While the media focus on cases and their spread, most platforms reserve their space for the effects on the economy, on diplomatic relations, and on the risk that our health system will not be efficient enough to protect us all.

However, some warn that, in addition to the elderly and people with compromised immune systems, there are certain specific communities that are more at risk.

These include women.

During the outbreak of Covid-19 in China, the Centers for Disease Control reported that there were about 106 men infected for every 100 women, according to Stat News. One month later, the difference increased to about 58 percent in men, but the researchers cautioned that the differences were not so much biological as exposure, and that the determining factor in both genders was the immune condition of each patient.

However, as the virus has traveled to other countries, circumstances have changed.

Pregnant women, for example, can infect their babies immediately because of their proximity to the carrier, but not vertically. Also, as Stat adds, “Pregnant women are more susceptible to respiratory pathogens than non-pregnant women.”

Similarly, worldwide statistics have shown how gender roles can “influence where men and women spend their time, and the infectious agents they come into contact with, as well as the nature of exposure, its frequency and its intensity,” according to a 2007 report by the World Health Organization.

Considering then that “women make up a majority of health care workers, almost 70 percent according to some estimates, and most of them occupy nursing roles on the front lines of efforts to combat and contain outbreaks of disease,” the rate of women at risk worldwide is radically different.

As the New York Times explains, both nurses and care workers in general are more exposed to the virus than other demographics, as are women who mostly occupy the primary roles in the household, “particularly if someone in their family is sick.”

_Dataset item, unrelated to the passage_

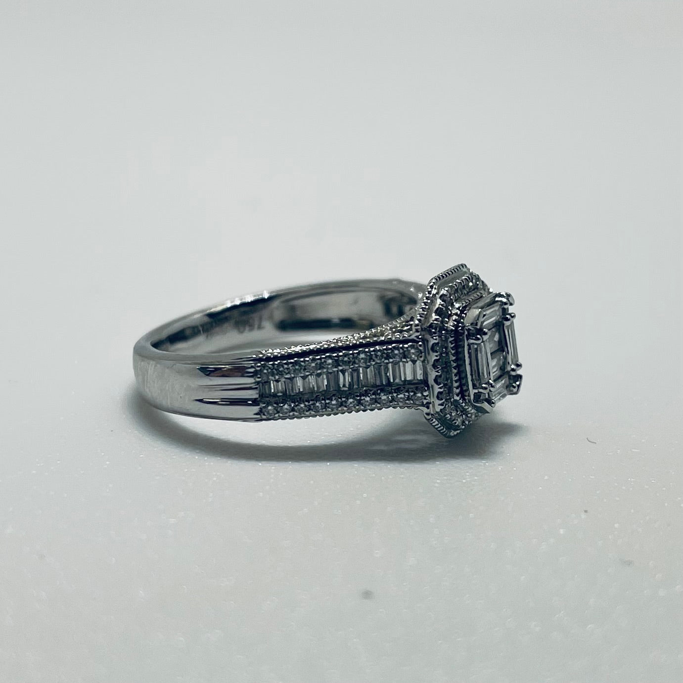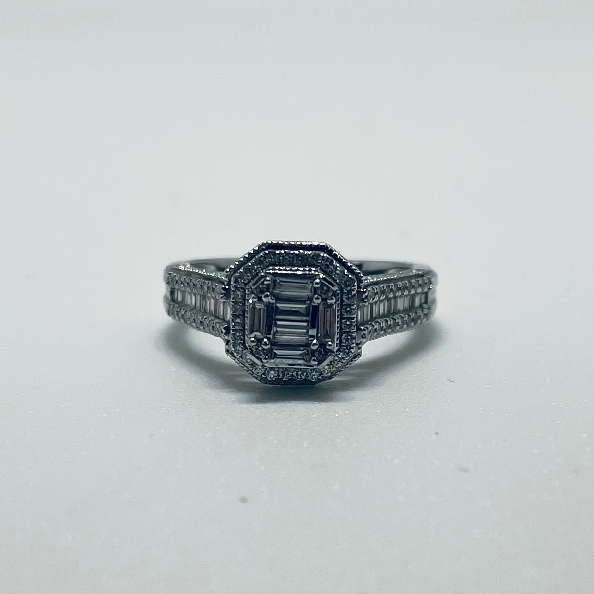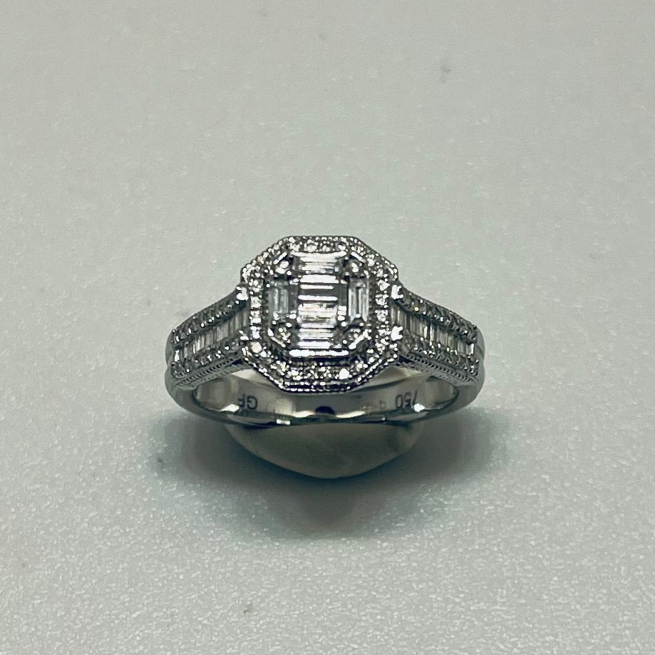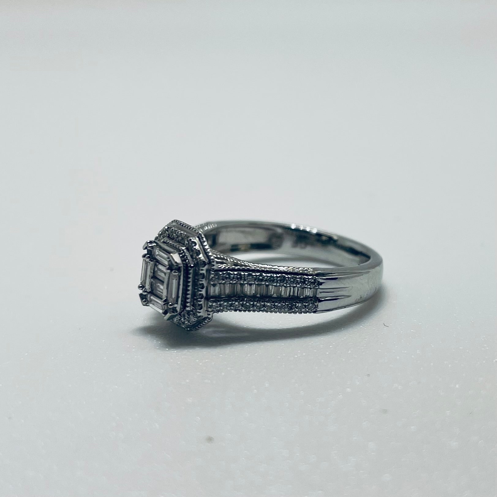 Bague solitaire en or gris 750/1000 (18 carats) ornée de 102 diamants, alliant éclat et élégance. Ce modèle sophistiqué présente 72 brillants totalisant 0,27 ct et 30 baguettes pour 0,35 ct,

“Economically speaking, outbreaks could have a disproportionately negative impact on women, who make up a large chunk of part-time and informal workers around the world,” the media adds. “Those kinds of jobs are also usually the first to get sliced in periods of economic uncertainty.”

Although the numbers of the coronavirus pandemic are changing every minute, the fact is that the most marginalized communities, i.e. those most often neglected, are those who are not only most at risk but also those who work double to mitigate the effects.